LYEL
Lyell Immunopharma, Inc.LYL797 modulates Not explicitly stated in provided data (likely ROR1 based on context of solid tumor CAR T program, but not confirmed in filing) to treat Solid tumors including triple-negative breast cancer (TNBC), non-small cell lung cancer (NSCLC), ovarian cancer, and endometrial cancer.
moa:CAR T cell therapy for solid tumors - autologous T cells engineered to target tumor-associated antigens
Phase 1, non-randomized, single-arm study in adults with various advanced/metastatic solid tumors. Enrollment of 57 patients. Evaluating safety (DLTs), anti-tumor activity (ORR by RECIST 1.1), duration of response, PFS, OS, and pharmacokinetic parameters including Cmax, Tmax, AUC, and CAR T cell persistence in peripheral blood.

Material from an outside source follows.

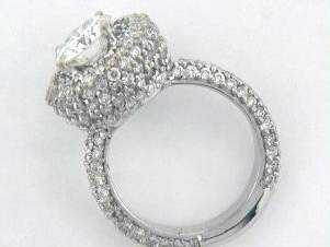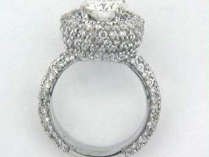 14K WHITE GOLD RING WITH 2.50CT ROUND SHAPE DIAMOND SET IN PAVE SETTING, CENTER OF 1.65CT ROUND SHAPE DIAMOND SET IN PRONGS SETTING. TOTAL OF 4.15CT DIAMONDS.
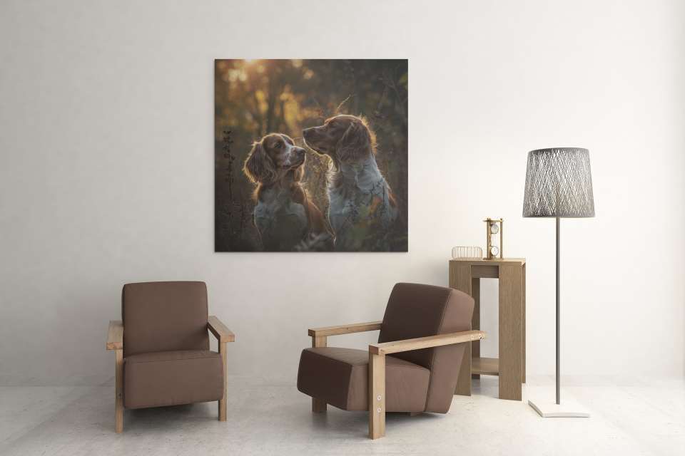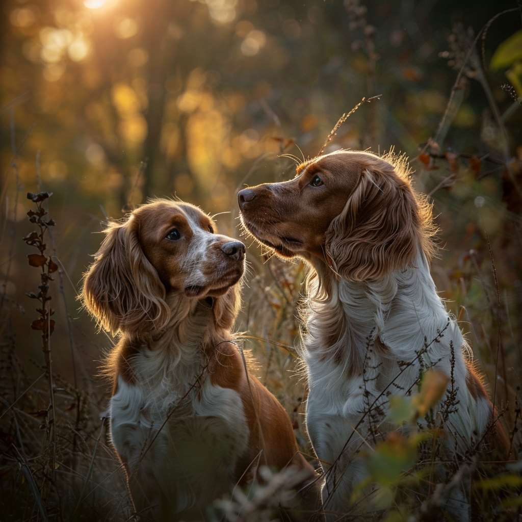 V nádherném podzimním světle stojí dva bretaňští ohaři. Jejich hřejivé, zlatavé srsti září v paprscích zapadajícího slunce, zatímco jejich oči prozrazují oddanost a přátelství. Tato plemeno je známo svou energičností, inteligencí a neuvěřitelně přátelskou povahou.

primary endpoint:Evaluate incidence of dose-limiting toxicities (DLTs) up to 28 days
Not determinable from provided data - no business section text with company claims provided
- TRIAL TERMINATED - Phase 1 trial status is TERMINATED, suggesting potential safety or efficacy concerns
- Target and MOA details not explicitly stated in provided data - requires inference from trial design (CAR T endpoints)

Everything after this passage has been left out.